- **Given entries**
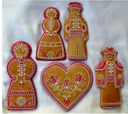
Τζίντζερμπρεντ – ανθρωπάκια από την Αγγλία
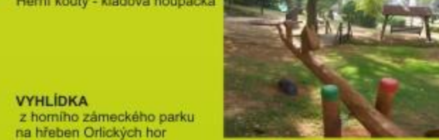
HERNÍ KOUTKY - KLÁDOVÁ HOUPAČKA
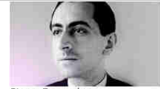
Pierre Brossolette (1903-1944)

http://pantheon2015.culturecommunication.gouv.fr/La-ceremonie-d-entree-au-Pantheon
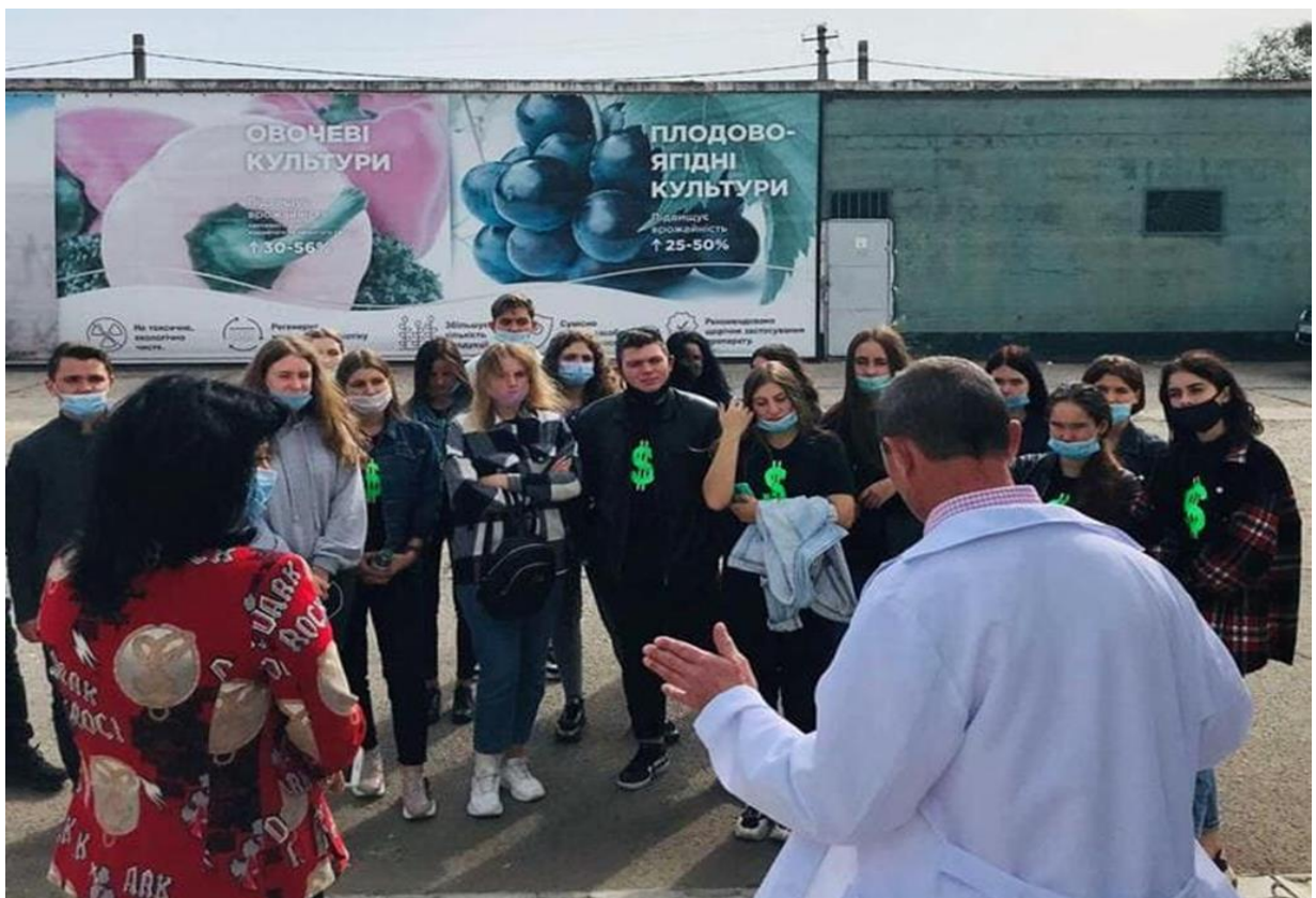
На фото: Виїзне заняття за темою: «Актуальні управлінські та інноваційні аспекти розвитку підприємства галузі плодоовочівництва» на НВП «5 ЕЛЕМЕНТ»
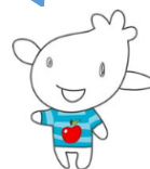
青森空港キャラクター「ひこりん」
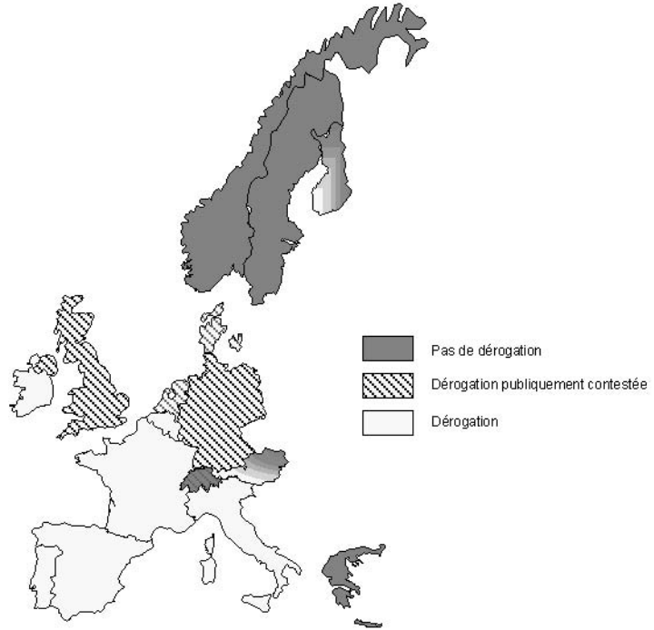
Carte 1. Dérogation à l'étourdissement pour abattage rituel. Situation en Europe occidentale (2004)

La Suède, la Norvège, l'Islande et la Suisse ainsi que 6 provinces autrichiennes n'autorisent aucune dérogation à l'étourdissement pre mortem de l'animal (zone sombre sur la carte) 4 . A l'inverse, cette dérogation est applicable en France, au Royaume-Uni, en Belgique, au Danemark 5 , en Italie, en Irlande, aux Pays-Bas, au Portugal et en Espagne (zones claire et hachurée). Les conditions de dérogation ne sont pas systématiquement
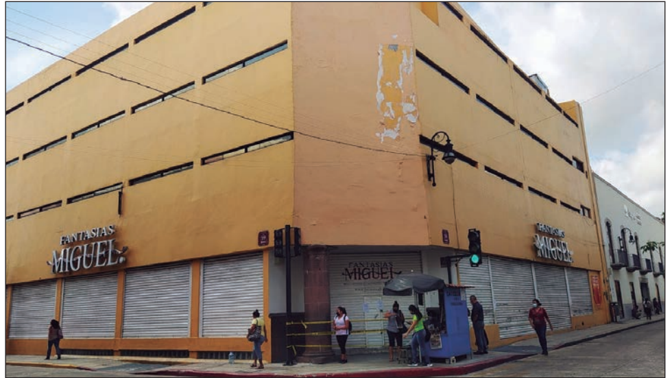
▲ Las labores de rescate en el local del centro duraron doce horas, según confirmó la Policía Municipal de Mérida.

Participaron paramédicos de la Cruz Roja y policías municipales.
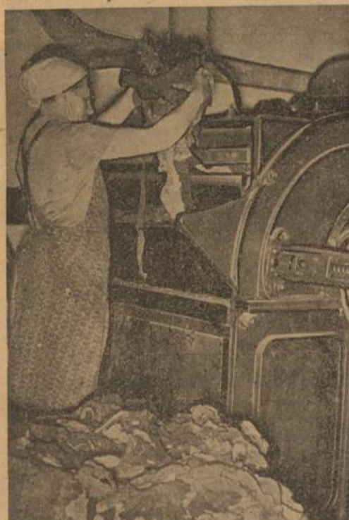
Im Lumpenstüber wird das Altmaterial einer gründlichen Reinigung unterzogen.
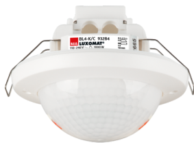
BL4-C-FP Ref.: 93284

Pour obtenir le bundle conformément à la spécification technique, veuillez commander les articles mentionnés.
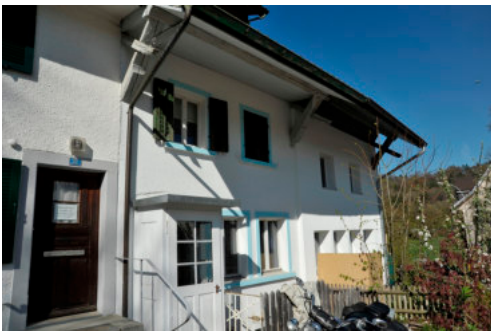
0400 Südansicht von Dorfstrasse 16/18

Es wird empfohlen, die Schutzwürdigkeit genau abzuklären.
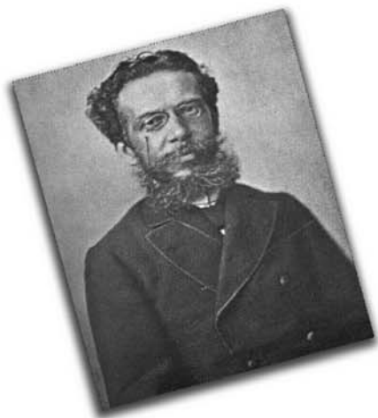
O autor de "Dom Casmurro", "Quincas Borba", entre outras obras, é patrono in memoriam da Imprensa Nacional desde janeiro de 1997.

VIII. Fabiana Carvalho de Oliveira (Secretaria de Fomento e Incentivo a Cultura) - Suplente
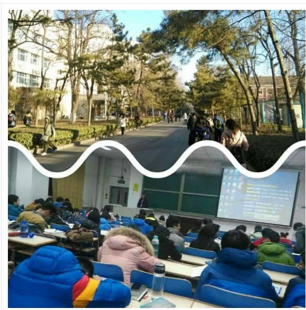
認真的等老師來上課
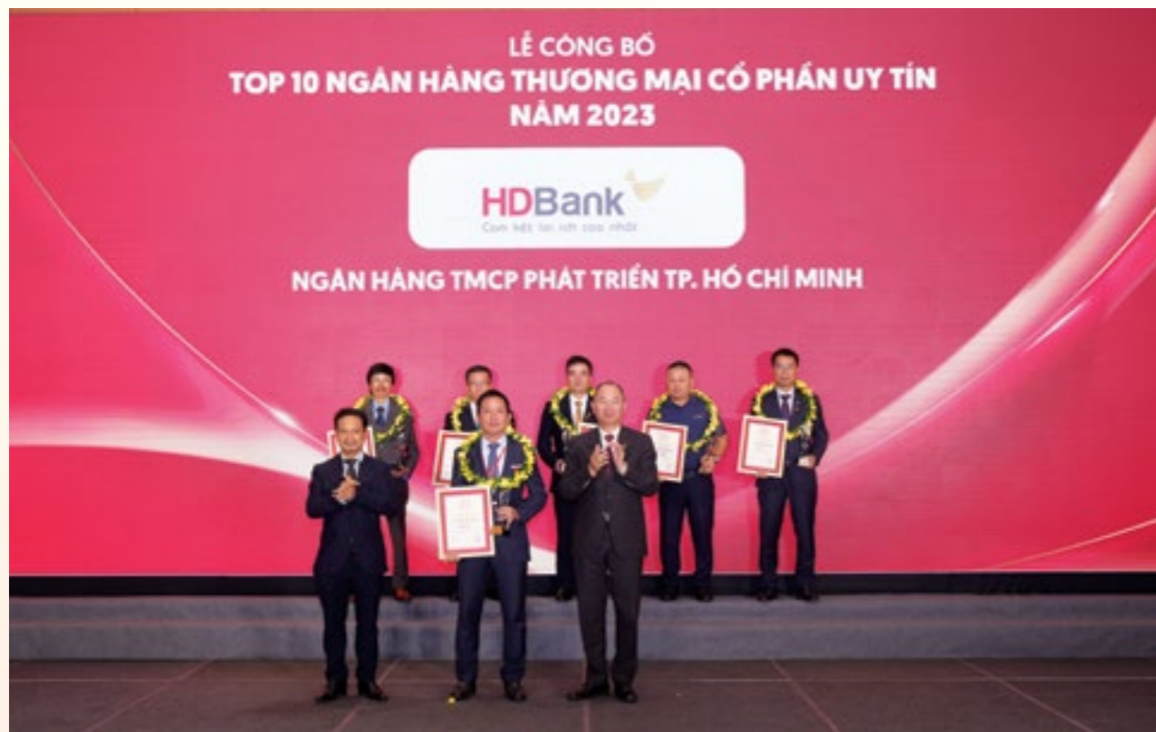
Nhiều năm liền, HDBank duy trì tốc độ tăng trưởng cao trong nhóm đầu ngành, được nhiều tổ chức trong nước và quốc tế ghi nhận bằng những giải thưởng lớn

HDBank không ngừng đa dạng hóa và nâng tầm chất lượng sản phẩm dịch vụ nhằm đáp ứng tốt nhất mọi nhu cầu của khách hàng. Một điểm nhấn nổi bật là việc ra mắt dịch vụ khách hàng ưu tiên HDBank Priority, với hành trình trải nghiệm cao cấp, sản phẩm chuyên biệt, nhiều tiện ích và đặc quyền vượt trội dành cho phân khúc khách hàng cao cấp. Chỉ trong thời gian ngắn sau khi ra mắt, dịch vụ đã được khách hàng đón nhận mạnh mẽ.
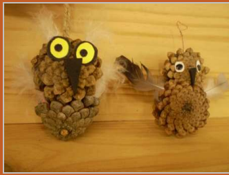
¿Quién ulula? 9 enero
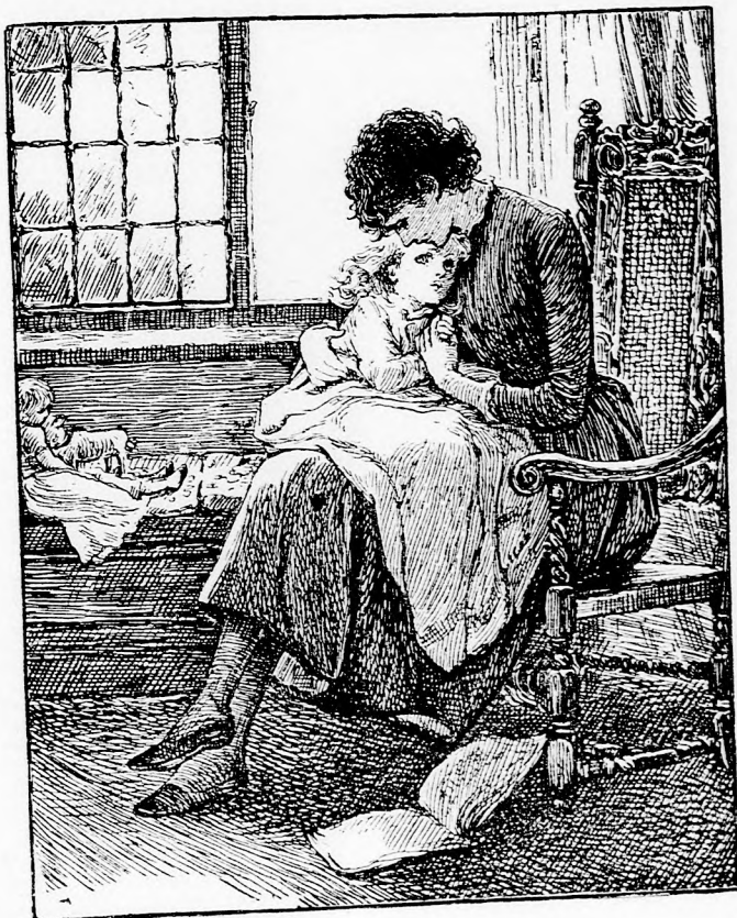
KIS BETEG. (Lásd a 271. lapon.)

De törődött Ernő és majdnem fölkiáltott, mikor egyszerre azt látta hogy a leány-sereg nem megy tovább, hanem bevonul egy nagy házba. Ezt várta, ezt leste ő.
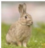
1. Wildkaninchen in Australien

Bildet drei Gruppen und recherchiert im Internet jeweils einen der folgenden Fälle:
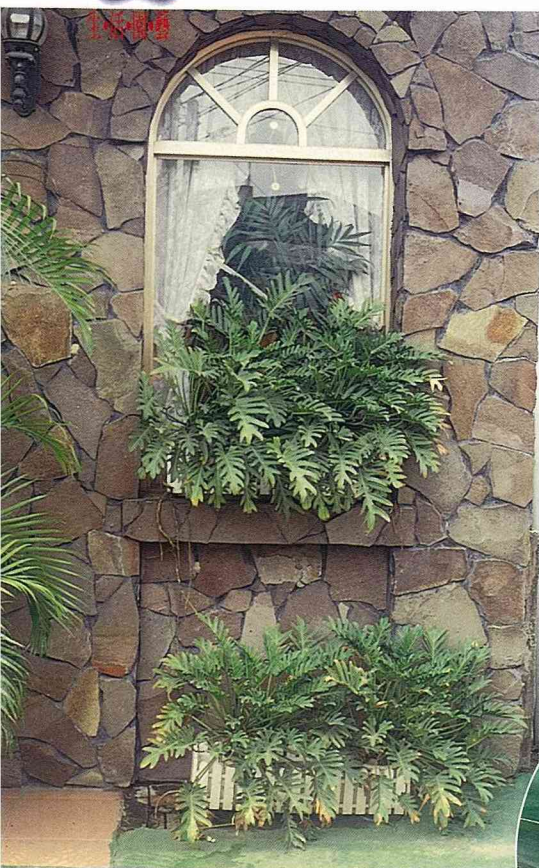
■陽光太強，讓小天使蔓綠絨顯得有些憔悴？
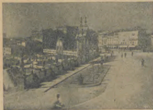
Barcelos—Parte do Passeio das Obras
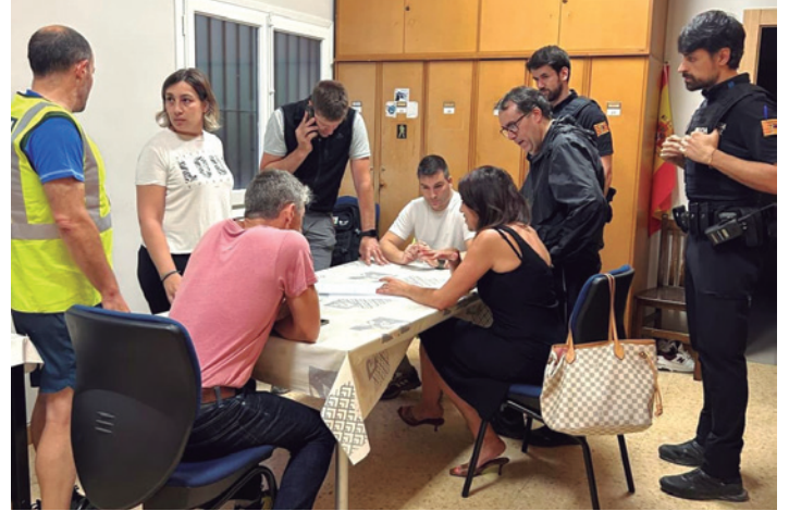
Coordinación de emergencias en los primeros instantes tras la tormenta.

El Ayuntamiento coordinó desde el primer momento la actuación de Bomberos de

- **Problem description**
Using the listing above, reproduce word for word every line from the one containing "VIII. Fabiana Carvalho" through the one containing "Nhiều năm liền, HDBank". Pictures must be left out.

- **Answer for this exercise**
VIII. Fabiana Carvalho de Oliveira (Secretaria de Fomento e Incentivo a Cultura) - Suplente
認真的等老師來上課
Nhiều năm liền, HDBank duy trì tốc độ tăng trưởng cao trong nhóm đầu ngành, được nhiều tổ chức trong nước và quốc tế ghi nhận bằng những giải thưởng lớn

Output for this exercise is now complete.